ABOUT THIS TASK:
Below this line is a set of entries; quote exactly the lines from the line that contains "Desired outcome: I" to the line that contains "BGMC(01693.HK)  0.000 (0.000%)   appears", both lines included.

GIVEN DATA:
┌────────

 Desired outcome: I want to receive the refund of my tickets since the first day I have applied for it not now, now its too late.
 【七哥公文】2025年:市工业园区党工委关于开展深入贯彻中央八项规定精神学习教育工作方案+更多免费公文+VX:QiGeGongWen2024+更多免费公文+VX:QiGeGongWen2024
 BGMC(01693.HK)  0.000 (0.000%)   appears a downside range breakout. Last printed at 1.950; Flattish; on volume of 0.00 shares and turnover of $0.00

└────────
┌────────

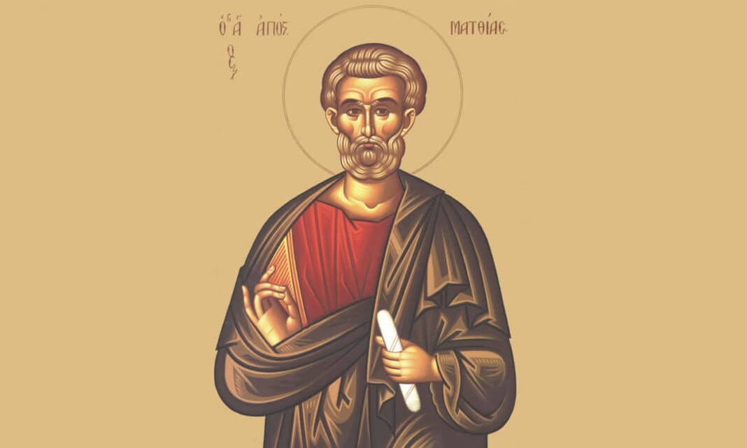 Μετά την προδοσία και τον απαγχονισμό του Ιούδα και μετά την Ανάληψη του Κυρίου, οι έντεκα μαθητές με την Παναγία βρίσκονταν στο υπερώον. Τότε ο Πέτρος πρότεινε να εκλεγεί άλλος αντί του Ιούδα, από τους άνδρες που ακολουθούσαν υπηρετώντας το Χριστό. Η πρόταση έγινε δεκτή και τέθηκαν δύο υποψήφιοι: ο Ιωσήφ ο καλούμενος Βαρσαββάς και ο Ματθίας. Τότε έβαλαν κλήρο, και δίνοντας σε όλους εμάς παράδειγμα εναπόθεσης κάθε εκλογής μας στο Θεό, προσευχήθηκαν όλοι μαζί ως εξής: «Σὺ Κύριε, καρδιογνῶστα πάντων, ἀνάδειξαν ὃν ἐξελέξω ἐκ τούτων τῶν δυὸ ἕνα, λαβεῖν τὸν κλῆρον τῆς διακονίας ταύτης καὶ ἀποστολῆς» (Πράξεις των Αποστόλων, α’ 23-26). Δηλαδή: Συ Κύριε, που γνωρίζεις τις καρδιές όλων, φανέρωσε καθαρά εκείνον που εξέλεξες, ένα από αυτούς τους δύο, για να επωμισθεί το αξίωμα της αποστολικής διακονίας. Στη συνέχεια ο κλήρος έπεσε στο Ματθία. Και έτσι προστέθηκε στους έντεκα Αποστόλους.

└────────

SOLUTION TO THE EXERCISE:
 Desired outcome: I want to receive the refund of my tickets since the first day I have applied for it not now, now its too late.
 【七哥公文】2025年:市工业园区党工委关于开展深入贯彻中央八项规定精神学习教育工作方案+更多免费公文+VX:QiGeGongWen2024+更多免费公文+VX:QiGeGongWen2024
 BGMC(01693.HK)  0.000 (0.000%)   appears a downside range breakout. Last printed at 1.950; Flattish; on volume of 0.00 shares and turnover of $0.00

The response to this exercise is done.